Problem details: Within the listing that follows, reproduce exactly the lines starting at the line with "商品名稱:晨光A3/A4通用塑封機(jī) 文件照片過(guò)膜機(jī) 便攜式過(guò)塑機(jī)白色AEQN8921" and ending at the line with "A complete Chakra", inclusive, and only those. Pictures are dropped.

Working data:

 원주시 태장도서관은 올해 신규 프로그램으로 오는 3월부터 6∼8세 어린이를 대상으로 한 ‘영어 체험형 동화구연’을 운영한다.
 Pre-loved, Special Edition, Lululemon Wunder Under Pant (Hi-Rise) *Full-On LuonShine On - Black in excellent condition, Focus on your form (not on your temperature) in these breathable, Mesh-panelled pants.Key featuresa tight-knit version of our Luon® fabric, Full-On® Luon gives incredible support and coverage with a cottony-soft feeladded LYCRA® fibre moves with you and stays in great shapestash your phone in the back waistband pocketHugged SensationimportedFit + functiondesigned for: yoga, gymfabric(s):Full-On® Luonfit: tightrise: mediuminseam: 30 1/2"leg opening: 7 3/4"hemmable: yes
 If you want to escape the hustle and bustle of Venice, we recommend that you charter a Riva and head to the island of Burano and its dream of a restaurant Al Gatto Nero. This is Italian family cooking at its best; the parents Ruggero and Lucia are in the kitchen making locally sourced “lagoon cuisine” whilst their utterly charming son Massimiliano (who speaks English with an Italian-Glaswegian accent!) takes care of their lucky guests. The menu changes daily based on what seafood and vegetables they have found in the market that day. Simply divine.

* * *

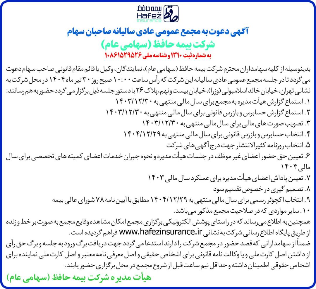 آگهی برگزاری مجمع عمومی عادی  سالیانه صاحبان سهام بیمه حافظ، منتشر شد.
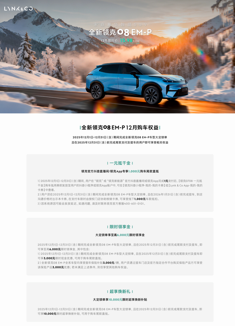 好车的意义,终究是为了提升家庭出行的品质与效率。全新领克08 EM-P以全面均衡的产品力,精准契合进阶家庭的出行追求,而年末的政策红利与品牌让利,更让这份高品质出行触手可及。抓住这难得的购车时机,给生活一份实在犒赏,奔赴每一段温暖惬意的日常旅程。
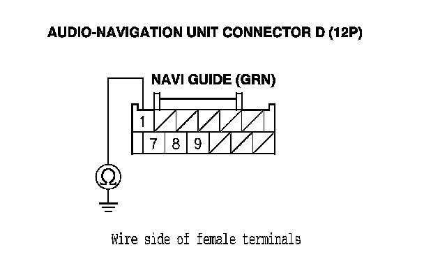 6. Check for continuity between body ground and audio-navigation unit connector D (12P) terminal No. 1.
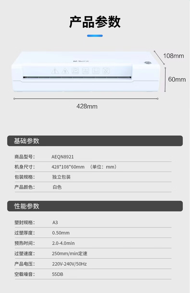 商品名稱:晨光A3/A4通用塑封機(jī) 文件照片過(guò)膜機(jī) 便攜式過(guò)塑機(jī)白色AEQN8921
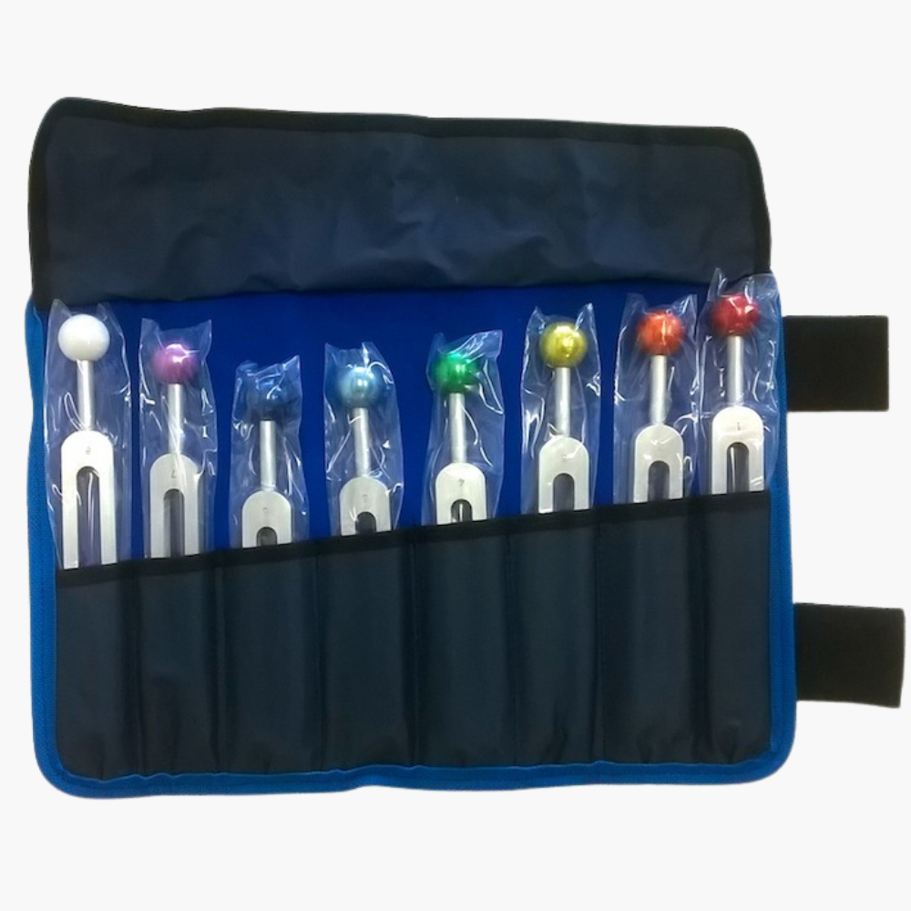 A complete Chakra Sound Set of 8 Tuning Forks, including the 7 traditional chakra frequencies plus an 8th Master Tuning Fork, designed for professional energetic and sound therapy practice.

Written response:
 商品名稱:晨光A3/A4通用塑封機(jī) 文件照片過(guò)膜機(jī) 便攜式過(guò)塑機(jī)白色AEQN8921
 A complete Chakra Sound Set of 8 Tuning Forks, including the 7 traditional chakra frequencies plus an 8th Master Tuning Fork, designed for professional energetic and sound therapy practice.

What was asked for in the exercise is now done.